> WORK INSTRUCTIONS: For every line below, restate it exactly and drop the images.
[Start of section]
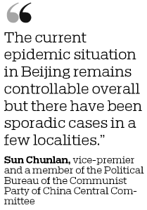 "The current epidemic situation in Beijing remains controllable overall but there have been sporadic cases in a few localities," said Sun, who is also a member of the Political Bureau of the Communist Party of China Central Committee.
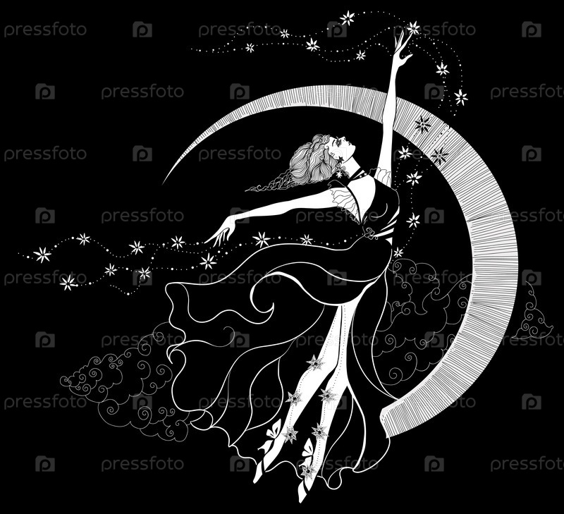 Графический силуэт женщины в стиле арт-деко. Королева луны и звезд. Иллюстрация в плоском стиле. Модная роскошь
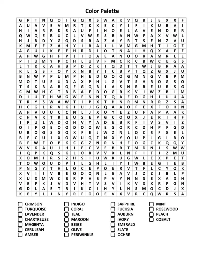 Here’s today’s Free Printable Word Search Puzzle. The theme of the day is Colors.
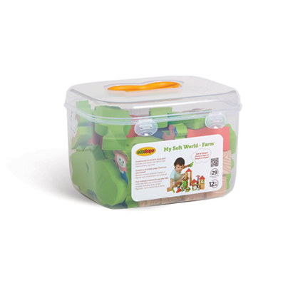ncludes Edu-Foam Wood-Like blocks and color blocks, plus Edu-Foam farmers, animals, trees and other farm themed accessories. Safe, Soft foam that looks like Real Wood! My Soft World Farm 29 pc set includes Wood-Like and Color blocks, People, Animals, Tractor, Trees & Bushes. 1¾" (3.5 cm) thick. Packaged in a “tool box” style reusable container for easy clean up.
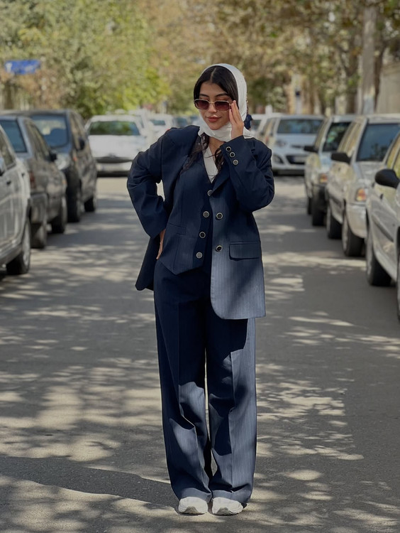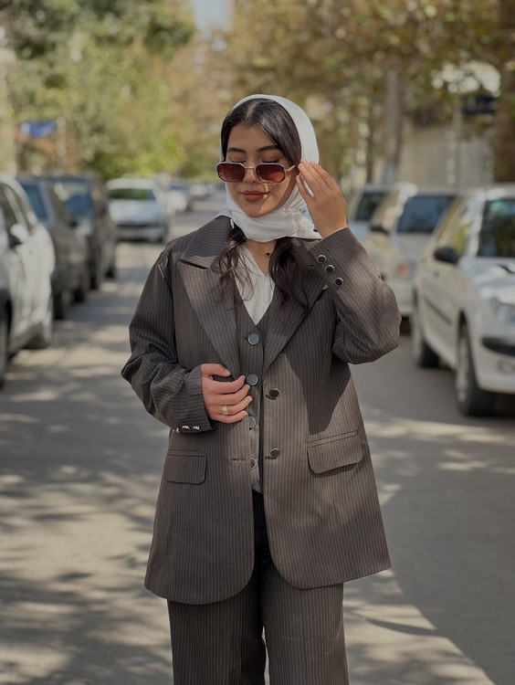 این کت شلوار رو من فقط به خانومایِ شیک پوش میکنم خانم های مستقل و قوی که وقار و ابهت رو میخوان نشون بدن. ست کامل شامل کت و شلوار و جلیغه.
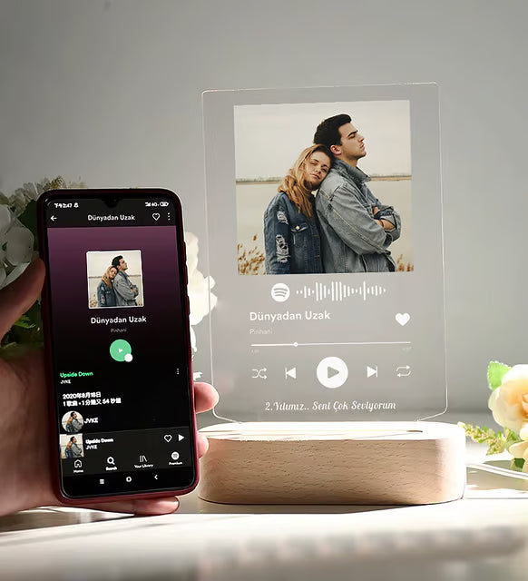 Kişiye Özel Işıklı Spotify Plak Ahşap Kaide Gece Led Lambası
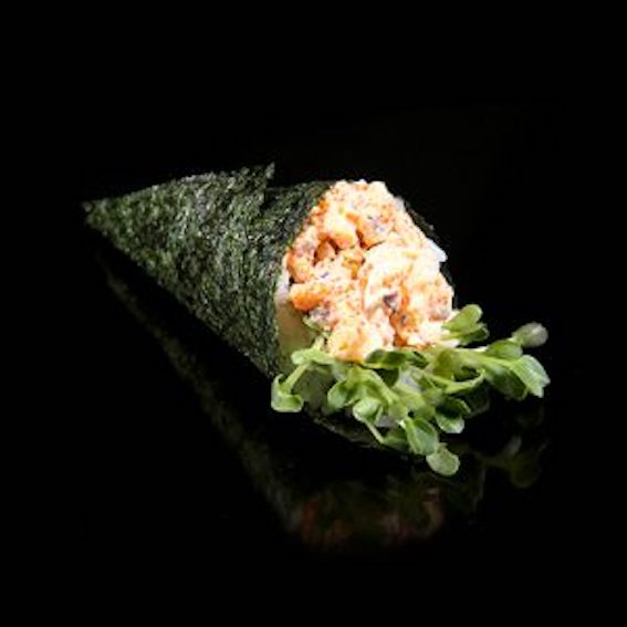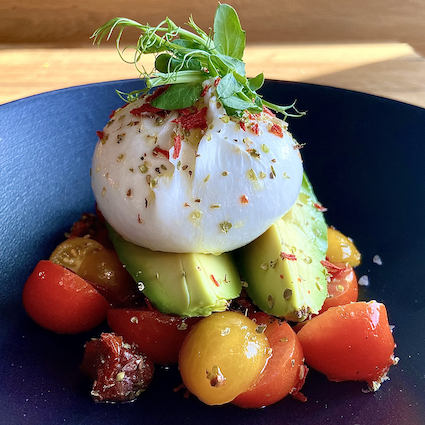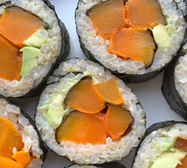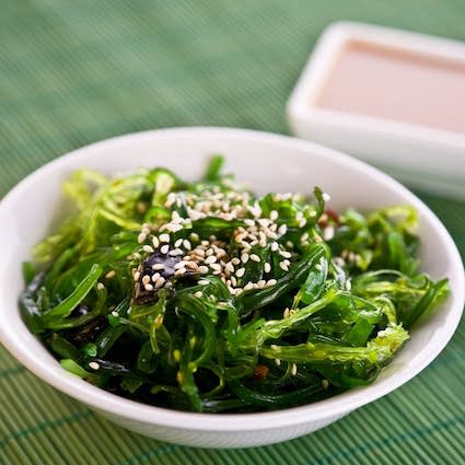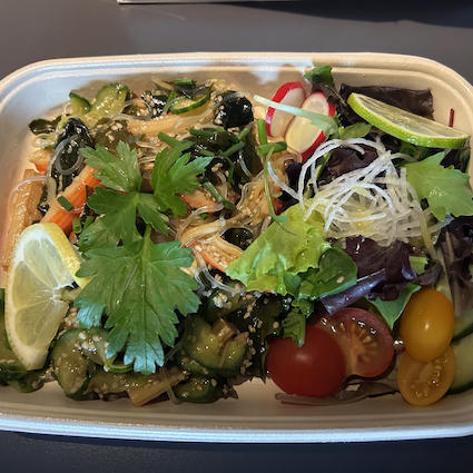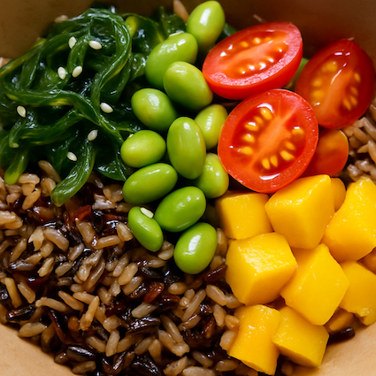 with wild rice, wakame seaweed, edamame, cherry tomatoes and mango (vegan)
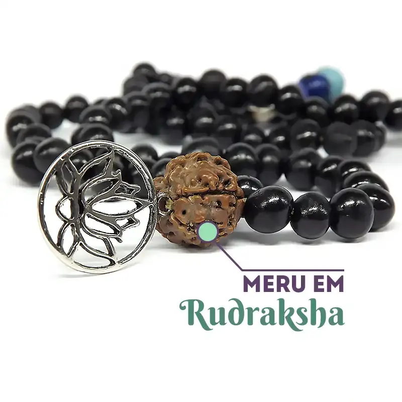 O marcador Meru, formado por uma semente de Rudraksha, uma semente sagrada que canaliza a proteção e a orientação divina.
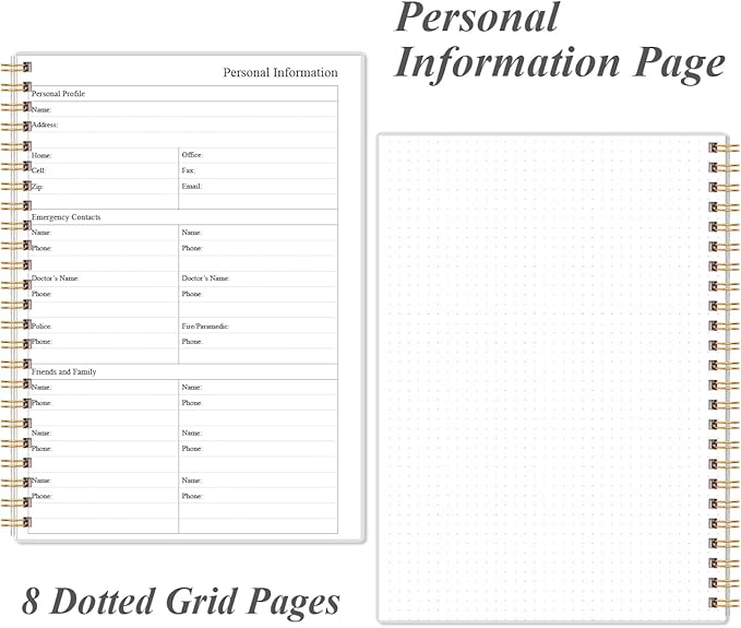 - A5 SIZE - This undated daily organizer size of 8.5 x 5.8 inch, perfect size to fit in your bag.1 quick reference page, contact pages, important dates page, and 75sheet (150 page) daily plan & notes,8 dotted grid pages, Undated appointment planner makes it easy for you to start the planner at any time.
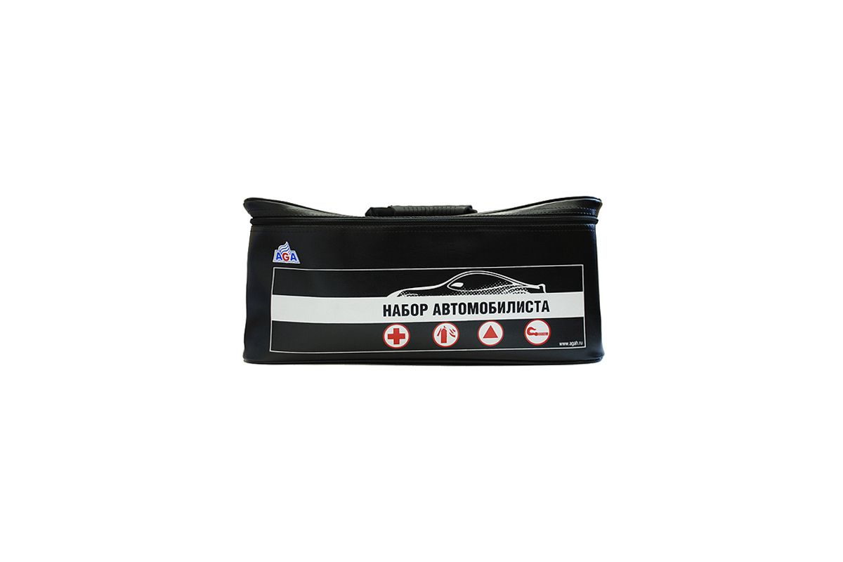 Набор автомобилиста AGA №4 (аптечка, огнетушитель, знак авар.ост, трос 3.5т, перчатки) кож.зам
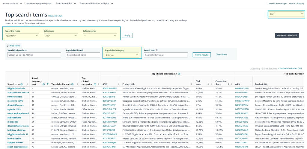 Với Seller đã kinh doanh trên Amazon, công cụ Brand Analytics có lẽ đã trong lòng bàn tay, đặc biệt trong việc phân tích phễu chuyển đổi hoặc thu thập từ khóa. Tuy nhiên, một ứng dụng quan trọng khác của công cụ này khá hữu dụng – đó là tìm kiếm sản phẩm tiềm năng và kiểm tra yếu tố mùa vụ.
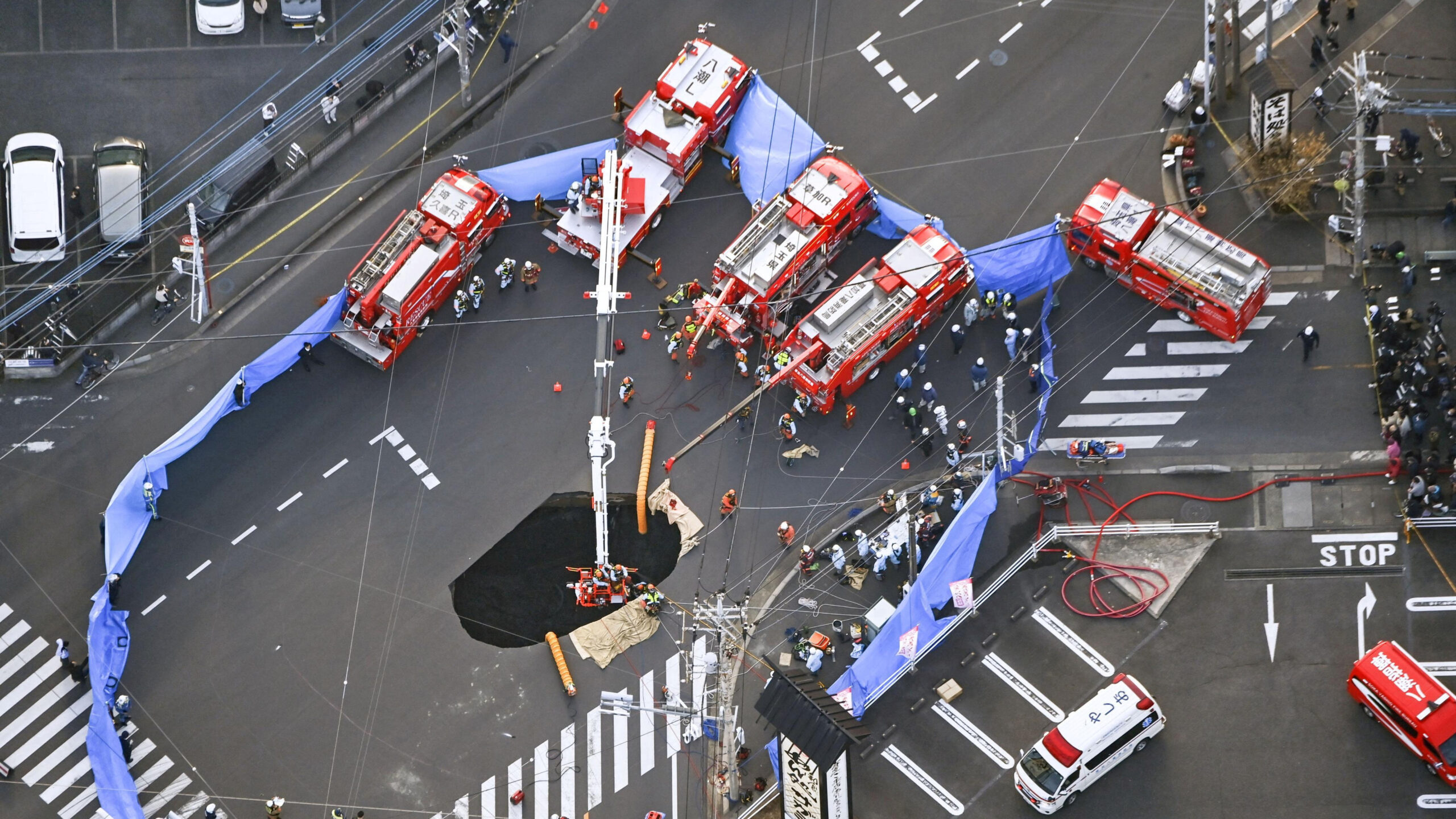 A sinkhole the size of a swimming pool opened up on a busy street in Japan, swallowing a truck and trapping the driver. pic.twitter.com/UocJodb7Qy
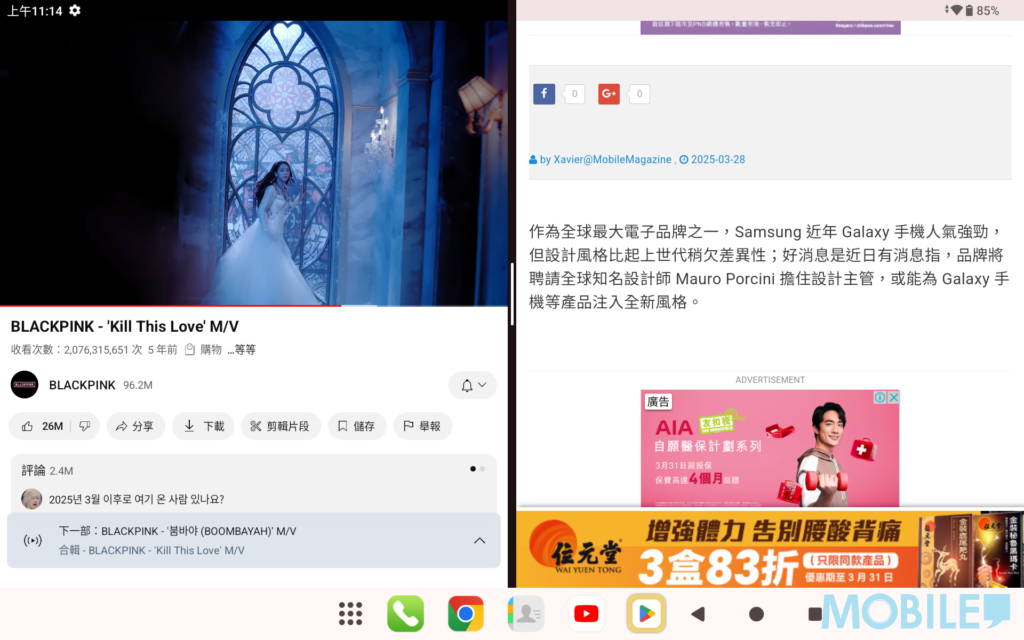 ▲搭配大螢幕能同時運行兩個應用
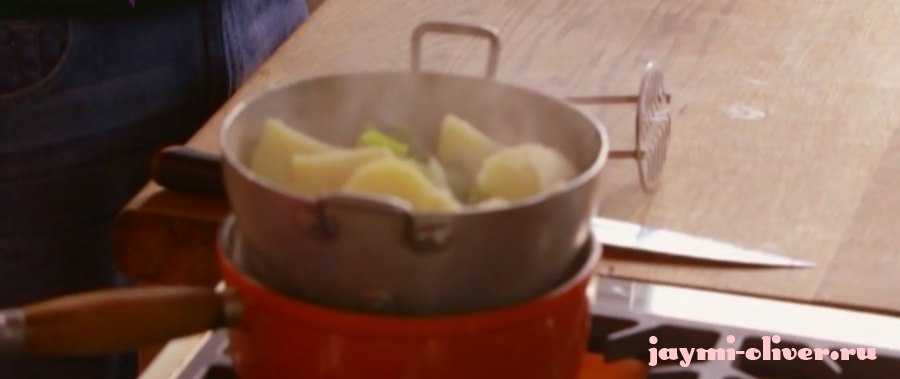 11Вывалите сваренный картофель и брокколи в дуршлаг, затем поставьте его на кастрюлю и дайте подсушиться на пару. Добавьте кусочек сливочного масла и раздавите все в пюре. Положите щепотку соли и перца.
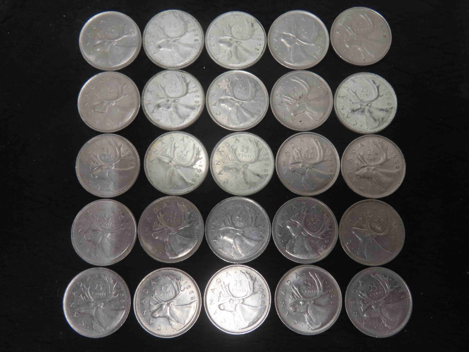 25 Canadian 1968 Quarters
[End of section]
> THE ANSWER:
 "The current epidemic situation in Beijing remains controllable overall but there have been sporadic cases in a few localities," said Sun, who is also a member of the Political Bureau of the Communist Party of China Central Committee.
 Графический силуэт женщины в стиле арт-деко. Королева луны и звезд. Иллюстрация в плоском стиле. Модная роскошь
 Here’s today’s Free Printable Word Search Puzzle. The theme of the day is Colors.
ncludes Edu-Foam Wood-Like blocks and color blocks, plus Edu-Foam farmers, animals, trees and other farm themed accessories. Safe, Soft foam that looks like Real Wood! My Soft World Farm 29 pc set includes Wood-Like and Color blocks, People, Animals, Tractor, Trees & Bushes. 1¾" (3.5 cm) thick. Packaged in a “tool box” style reusable container for easy clean up.
 این کت شلوار رو من فقط به خانومایِ شیک پوش میکنم خانم های مستقل و قوی که وقار و ابهت رو میخوان نشون بدن. ست کامل شامل کت و شلوار و جلیغه.
 Kişiye Özel Işıklı Spotify Plak Ahşap Kaide Gece Led Lambası
 with wild rice, wakame seaweed, edamame, cherry tomatoes and mango (vegan)
 O marcador Meru, formado por uma semente de Rudraksha, uma semente sagrada que canaliza a proteção e a orientação divina.
 - A5 SIZE - This undated daily organizer size of 8.5 x 5.8 inch, perfect size to fit in your bag.1 quick reference page, contact pages, important dates page, and 75sheet (150 page) daily plan & notes,8 dotted grid pages, Undated appointment planner makes it easy for you to start the planner at any time.
 Набор автомобилиста AGA №4 (аптечка, огнетушитель, знак авар.ост, трос 3.5т, перчатки) кож.зам
 Với Seller đã kinh doanh trên Amazon, công cụ Brand Analytics có lẽ đã trong lòng bàn tay, đặc biệt trong việc phân tích phễu chuyển đổi hoặc thu thập từ khóa. Tuy nhiên, một ứng dụng quan trọng khác của công cụ này khá hữu dụng – đó là tìm kiếm sản phẩm tiềm năng và kiểm tra yếu tố mùa vụ.
 A sinkhole the size of a swimming pool opened up on a busy street in Japan, swallowing a truck and trapping the driver. pic.twitter.com/UocJodb7Qy
 ▲搭配大螢幕能同時運行兩個應用
 11Вывалите сваренный картофель и брокколи в дуршлаг, затем поставьте его на кастрюлю и дайте подсушиться на пару. Добавьте кусочек сливочного масла и раздавите все в пюре. Положите щепотку соли и перца.
 25 Canadian 1968 Quarters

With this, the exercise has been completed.